Happy New Year Strollers, albeit almost the Ides of January.
We propose an outing on the above date, truly a stroll, around the village of Seddlescombe, no wet and muddy paths (well, hopefully). The bus is our old friend No. 349, leaving Havelock Road at 10.34
The name derives from Anglo Saxon times 'sedl' meaning a seat or residence, and 'comb' meaning valley or low place. The village is mentioned in the Domesday Book.
The Battle of Hastings was fought 3 miles from Sedlescombe , and the village suffered badly at the hands of the Norman marauders. After the battle many landowners were forced to pay rents to Battle Abbey.
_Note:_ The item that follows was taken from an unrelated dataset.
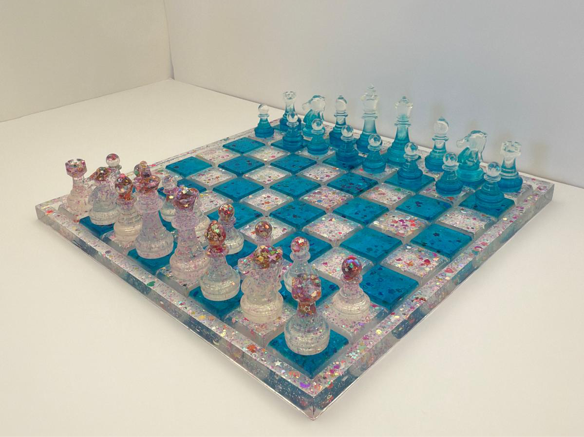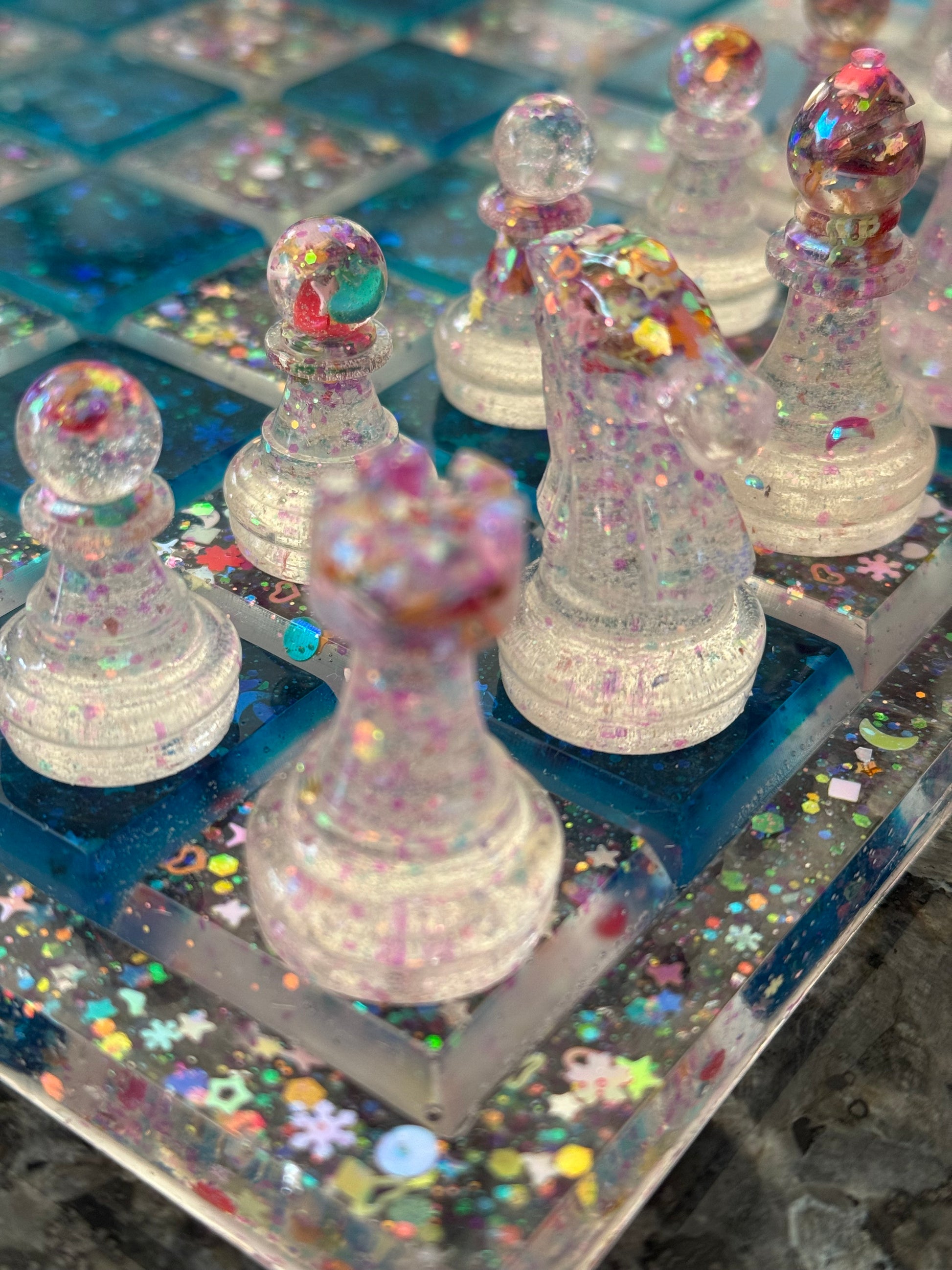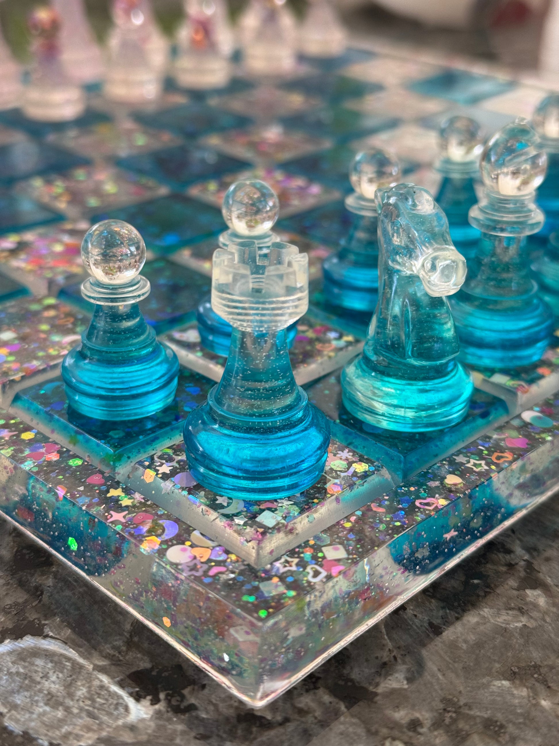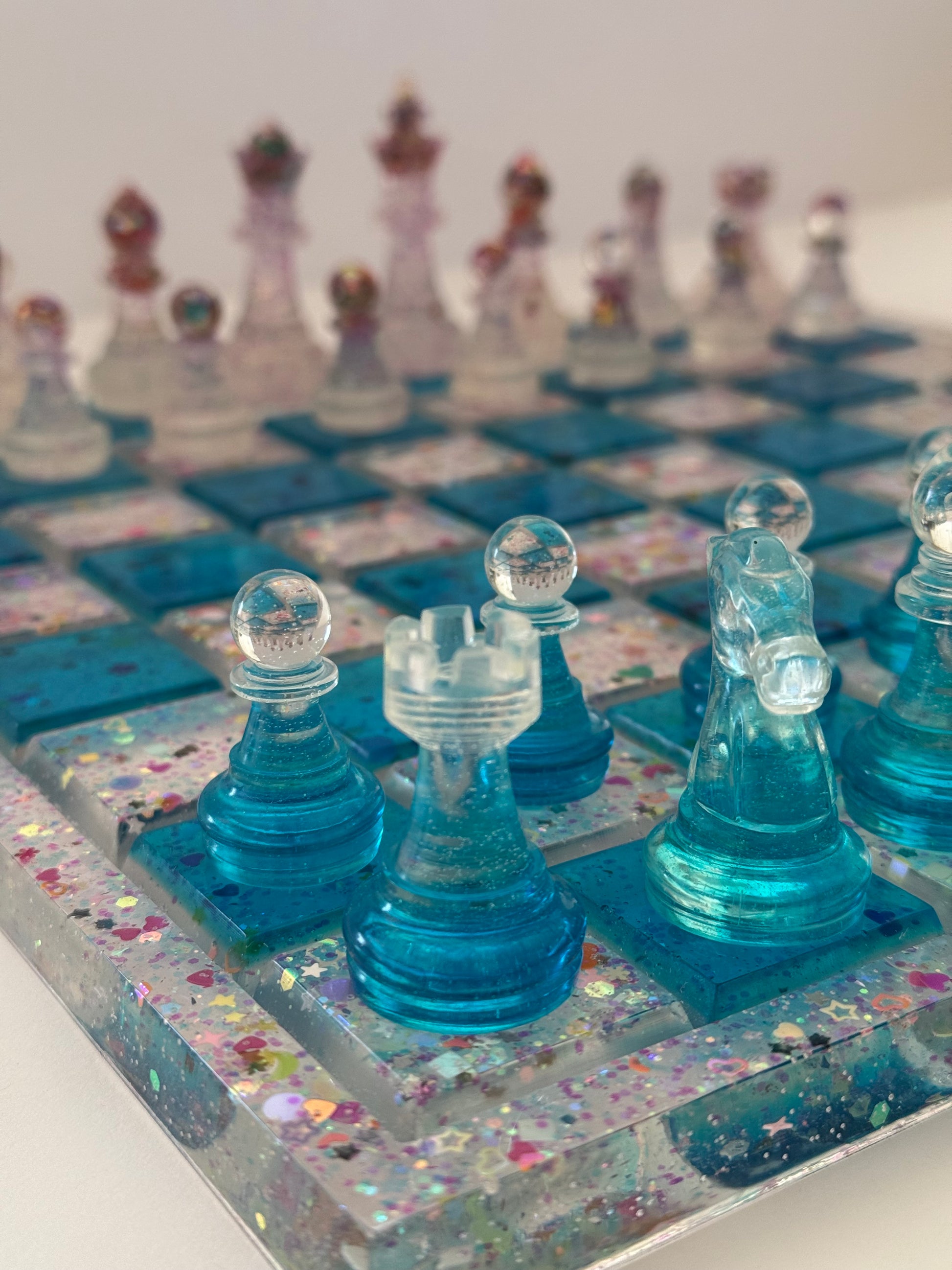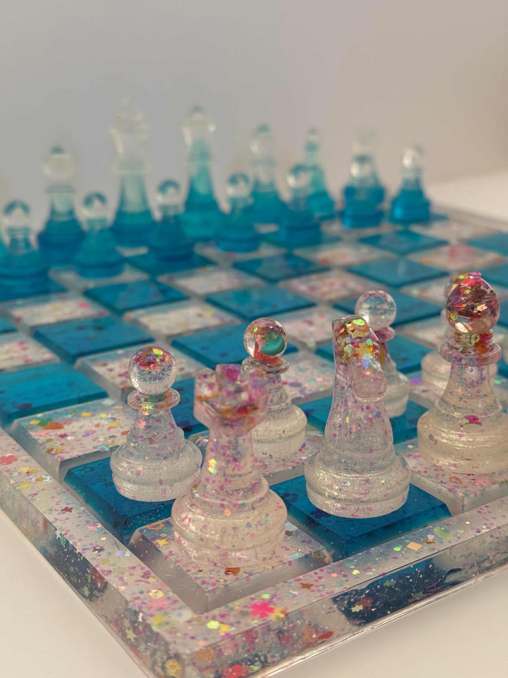 Step into a dreamy galaxy of sparkles and strategy. The orbit Dream chess set blends icy blues with ethereal glitter pastels in a handcrafted resin design full of shimmer, detail, and intention.

An iron pot was found in Sedlescombe in 1876, it contained some 3,000 coins from the reign of King Edward the Confessor( 1042 - 1066 ). They were thought to have been the treasure of King Harold , hidden during the Battle of Hastings . Some of these coins can be seen in the Hastings Museum.
The entire village is a conservation area containing many picturesque 15th,16th and 17th century half-timbered houses. During the 17th century, Sedlescombe prospered being in the heart of the famous Sussex iron industry area making cannons, guns and providing oaks for iron smelting and ship building. Iron has been made in Sedlescombe since Roman times. The road that runs through the village follows the route of the original Roman road. It was built to link various Sussex iron-workings to London.
The village had its own water mill, originally for flour and from 1750's for grinding gunpowder. Sedlescombe powder was reputedly the best in Europe. It was a risky industry, and in December 1764, four men died following an explosion in the sifting house.
The river Brede runs through Sedlescombe , and in roman times was a ¼ mile wide and part of a tidal estuary of 4 rivers down to Rye. The Danes named the area and river Brede meaning broad. The river shrunk over time and the bridge crossing it was built in the 18th century, by local builder John Catt.